• EXERCISE DETAILS:
Exact wording is required: give all the records again, minus the pictures.

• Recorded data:
##########

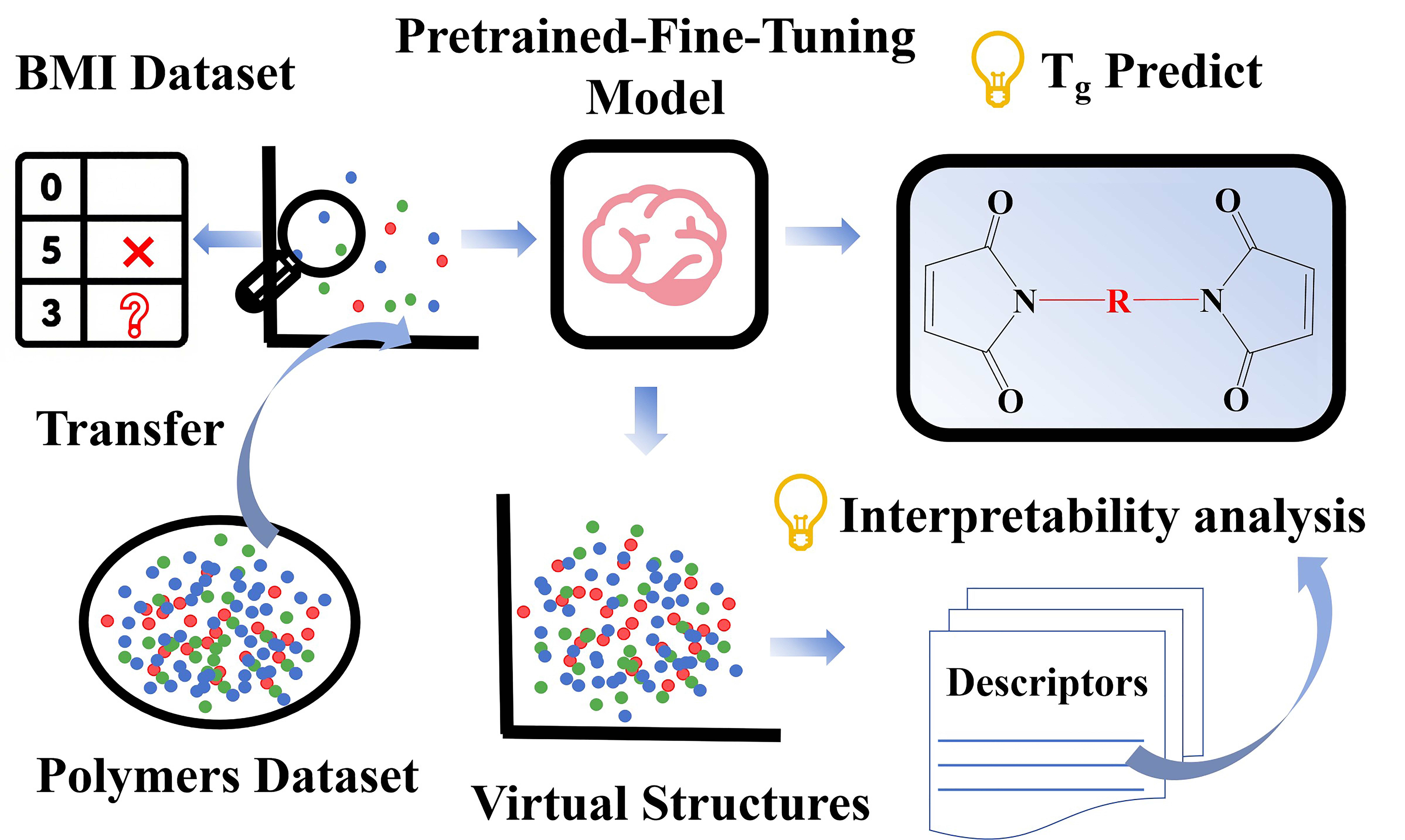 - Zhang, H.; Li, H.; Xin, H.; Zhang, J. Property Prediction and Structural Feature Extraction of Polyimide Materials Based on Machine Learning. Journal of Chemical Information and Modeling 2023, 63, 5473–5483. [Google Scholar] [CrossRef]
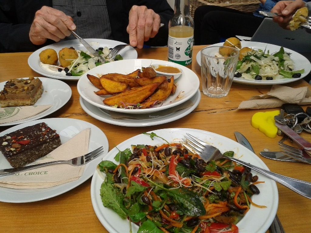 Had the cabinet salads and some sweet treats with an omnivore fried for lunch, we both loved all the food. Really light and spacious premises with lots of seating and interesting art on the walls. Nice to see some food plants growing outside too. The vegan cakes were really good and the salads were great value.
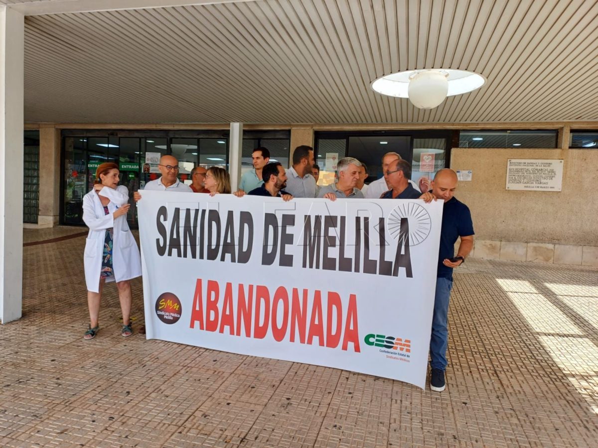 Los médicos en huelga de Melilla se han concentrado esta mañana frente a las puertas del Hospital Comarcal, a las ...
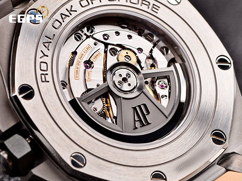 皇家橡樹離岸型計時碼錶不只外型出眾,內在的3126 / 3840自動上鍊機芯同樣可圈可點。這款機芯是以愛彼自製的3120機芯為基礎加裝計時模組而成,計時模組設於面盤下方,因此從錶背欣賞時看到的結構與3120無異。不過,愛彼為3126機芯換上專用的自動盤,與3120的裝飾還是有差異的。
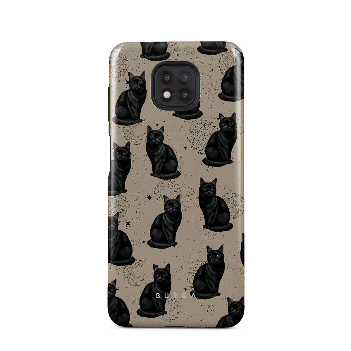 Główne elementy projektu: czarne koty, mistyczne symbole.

##########

• SOLUTION:
 - Zhang, H.; Li, H.; Xin, H.; Zhang, J. Property Prediction and Structural Feature Extraction of Polyimide Materials Based on Machine Learning. Journal of Chemical Information and Modeling 2023, 63, 5473–5483. [Google Scholar] [CrossRef]
 Had the cabinet salads and some sweet treats with an omnivore fried for lunch, we both loved all the food. Really light and spacious premises with lots of seating and interesting art on the walls. Nice to see some food plants growing outside too. The vegan cakes were really good and the salads were great value.
 Los médicos en huelga de Melilla se han concentrado esta mañana frente a las puertas del Hospital Comarcal, a las ...
 皇家橡樹離岸型計時碼錶不只外型出眾,內在的3126 / 3840自動上鍊機芯同樣可圈可點。這款機芯是以愛彼自製的3120機芯為基礎加裝計時模組而成,計時模組設於面盤下方,因此從錶背欣賞時看到的結構與3120無異。不過,愛彼為3126機芯換上專用的自動盤,與3120的裝飾還是有差異的。
 Główne elementy projektu: czarne koty, mistyczne symbole.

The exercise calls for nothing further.